We got to our town house an hour before the management closed on a Saturday and then realized we never had the utilities turned on and would have to wait.  I was moving into my old roommate’s ward and she had managed to scramble a few guys together at the last moment and our family that lives in Las Vegas showed up.  Brent and I were spent down to the last part of us and we still had to unpack.  Brent looked beat up and exhausted and we didn’t see any way that we would be able to stay in our house that night without utilities or go to church in the morning.  The elder’s quorum president seemed especially concerned and didn’t want to leave us.  We were obviously a disaster that had plopped ourselves into Las Vegas and into his ward. He left for a while and came back with a few flashlights and camping lamps and told us if we needed his help the next day even though it was Sunday not to hesitate to call him.  I remember him telling us if we at least needed help with setting beds up before it got dark the next day to please call him.  Even though it was the Sabbath we felt we had no choice but to collect ourselves instead of going to church the next day.  We couldn't even attempt to find church clothes in the chaos.  Brent’s sister Stephanie let us come and stay at her house and sleep in their beds.  It was marvelous; we even got a quick shower.

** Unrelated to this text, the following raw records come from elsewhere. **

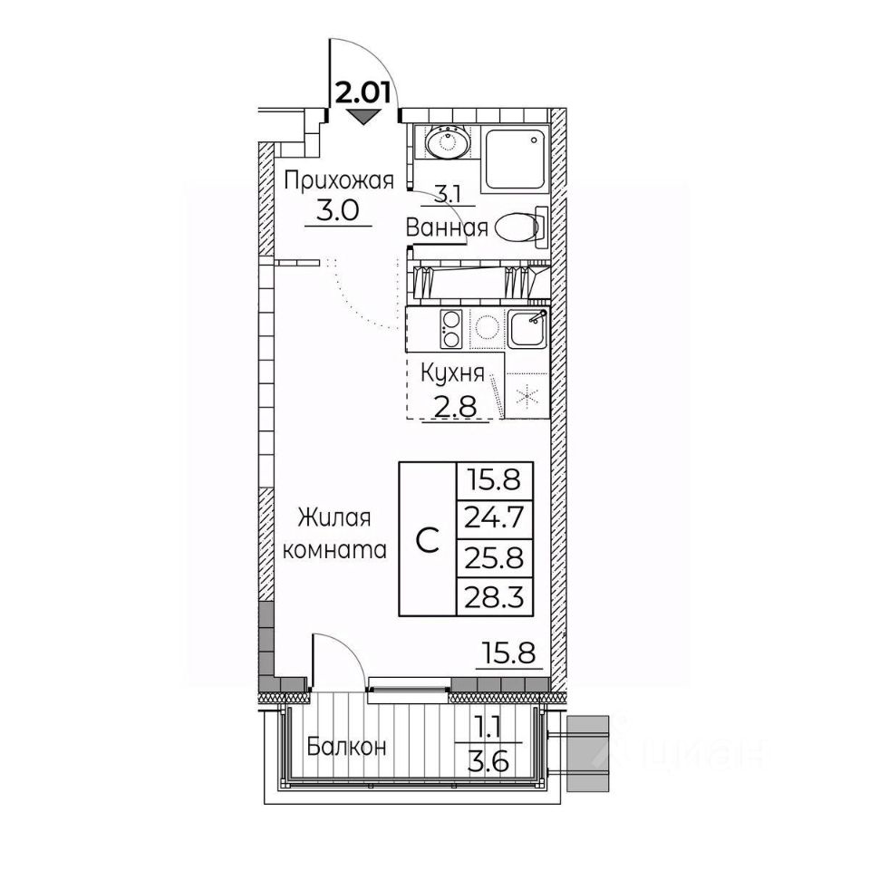 Общая площадь квартиры — 28.3 кв. м, этаж 8 из 23.
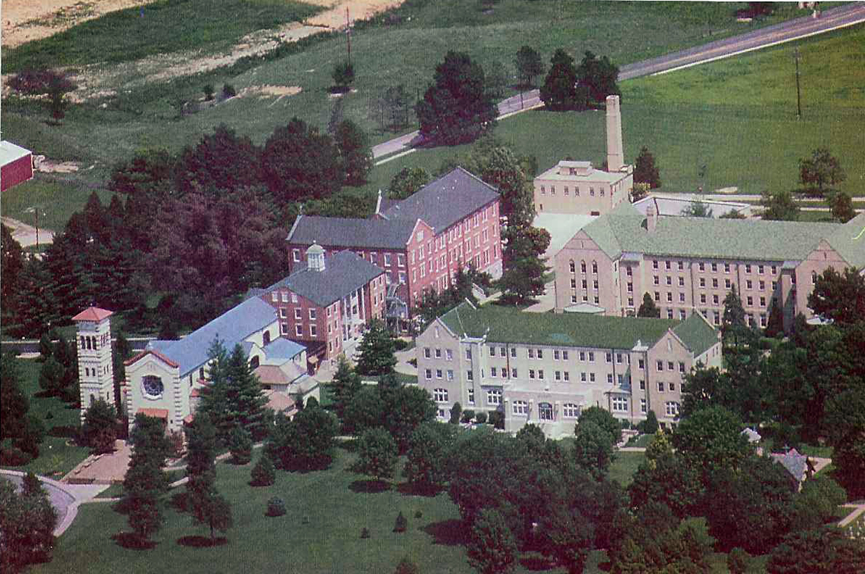 Date not indicated, but after bell tower addition in 1980; shows garages.
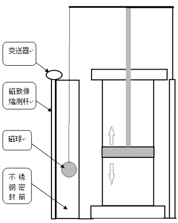 (1)位移传导部分,一端与活塞相连确保传感器(浮子球)与活塞的位移一致。同时考虑活塞和传感器连接线的强度、变形量和风阻等因素,连接线部分选用了316材质的细钢缆。同时增加了磁球的重量来减小风对测量稳定性的影响。而且将磁球部分安装在密闭的不锈钢筒体内, 将风、水汽、油气等干扰因素隔绝,保证了仪表的可靠性和稳定性。
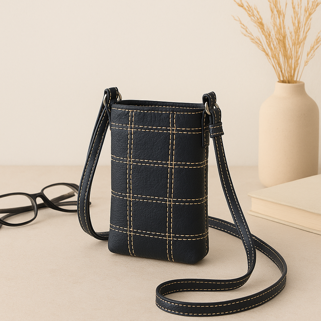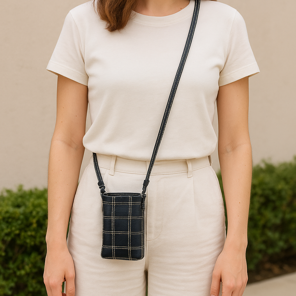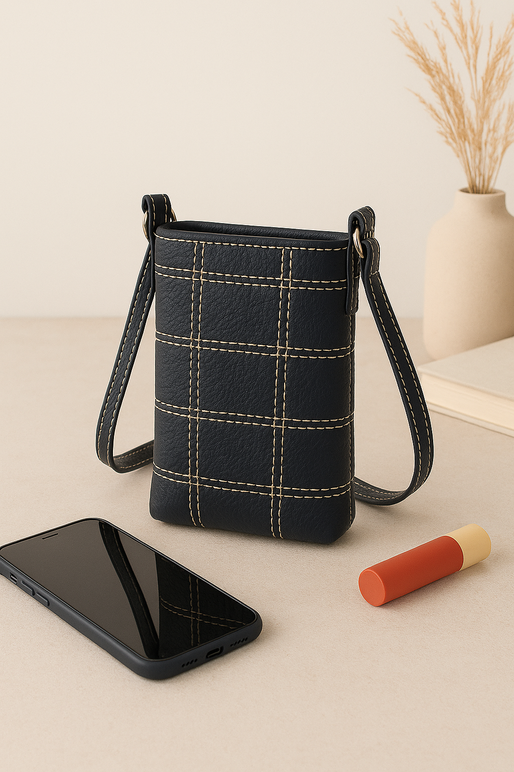 Elegance Redefined: Black Leather Sling Bag with White Stitching. Art: BG-1477

The next day we desperately tried to get organized but between the kids, a new born and not knowing where anything was I reached a point that I felt we had no other choice but to call Shawn, our elder’s quorum president and ask him for help setting up the beds.  He seemed relieved that we had called and promised he would be over as soon as he was home from church.  He came in and an hour later he had not only set up our beds before dark he had helped us to organize the boxes and furniture so we could maneuver around the house.  It was one of the most Christ-like acts I have witnessed in my life.  Not once did he judge us or make us feel that we had no right to interrupt his Sabbath but he helped a suffering family with a pure and serving heart, only concerned for our welfare. 

The next day a couple of miracles happened and we got both our electricity and our gas turned on.  I've heard horror stories since this experience that a number of people have gone weeks without gas in the Vegas area so it was a great blessing.  There was also an investigation done with the moving company and they eventually returned our nonrefundable down payment.  It took a full month to get the house organized and another month to get the garage to a point of parking both our cars in it.   Things weren’t immediately better.  In fact it took months upon months and things even got a little worse again before they got better.  But, eighteen months later, we are finally, slowly but surely seeing a light at the end of the tunnel.   I will never forget the help we received during that time from angels both on this side of the vail and the other.  As I have written this story I can see the miracles intertwined with the sorrows and I am truly grateful for the opportunities that have helped me to become acquainted with God.